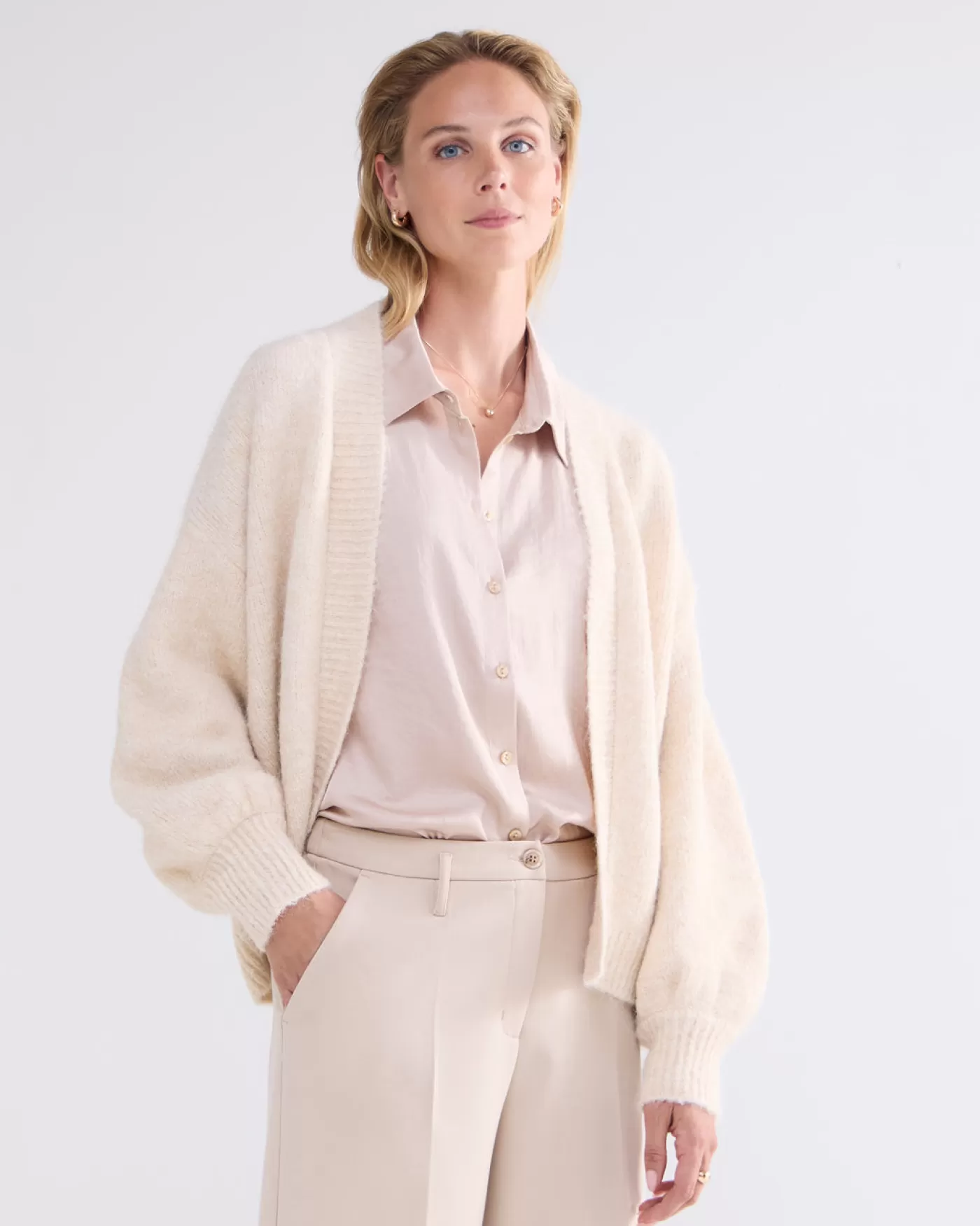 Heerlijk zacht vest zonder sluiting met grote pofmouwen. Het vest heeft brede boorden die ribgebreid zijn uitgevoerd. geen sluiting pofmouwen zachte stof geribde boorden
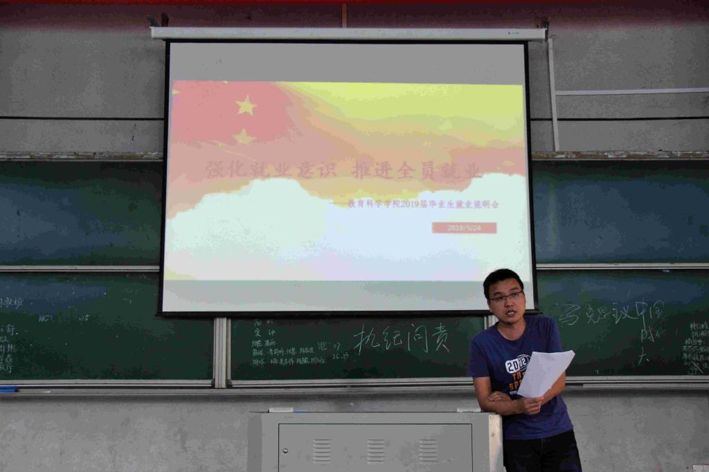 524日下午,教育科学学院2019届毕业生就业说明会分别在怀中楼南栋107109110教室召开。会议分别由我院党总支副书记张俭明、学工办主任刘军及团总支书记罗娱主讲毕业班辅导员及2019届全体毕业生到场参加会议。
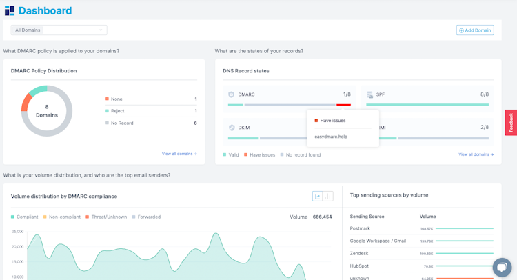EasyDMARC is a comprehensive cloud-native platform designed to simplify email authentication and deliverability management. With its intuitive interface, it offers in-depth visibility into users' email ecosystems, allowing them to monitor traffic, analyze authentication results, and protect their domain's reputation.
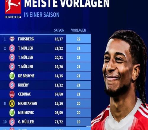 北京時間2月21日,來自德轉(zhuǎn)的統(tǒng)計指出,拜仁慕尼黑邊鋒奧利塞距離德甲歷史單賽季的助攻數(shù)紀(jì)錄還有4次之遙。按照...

▸ **Exercise requirements**:
Wherever an image sits in the data, omit it; everything else must be copied exactly.

▸ **Written solution**:
 Heerlijk zacht vest zonder sluiting met grote pofmouwen. Het vest heeft brede boorden die ribgebreid zijn uitgevoerd. geen sluiting pofmouwen zachte stof geribde boorden
 524日下午,教育科学学院2019届毕业生就业说明会分别在怀中楼南栋107109110教室召开。会议分别由我院党总支副书记张俭明、学工办主任刘军及团总支书记罗娱主讲毕业班辅导员及2019届全体毕业生到场参加会议。
EasyDMARC is a comprehensive cloud-native platform designed to simplify email authentication and deliverability management. With its intuitive interface, it offers in-depth visibility into users' email ecosystems, allowing them to monitor traffic, analyze authentication results, and protect their domain's reputation.
 北京時間2月21日,來自德轉(zhuǎn)的統(tǒng)計指出,拜仁慕尼黑邊鋒奧利塞距離德甲歷史單賽季的助攻數(shù)紀(jì)錄還有4次之遙。按照...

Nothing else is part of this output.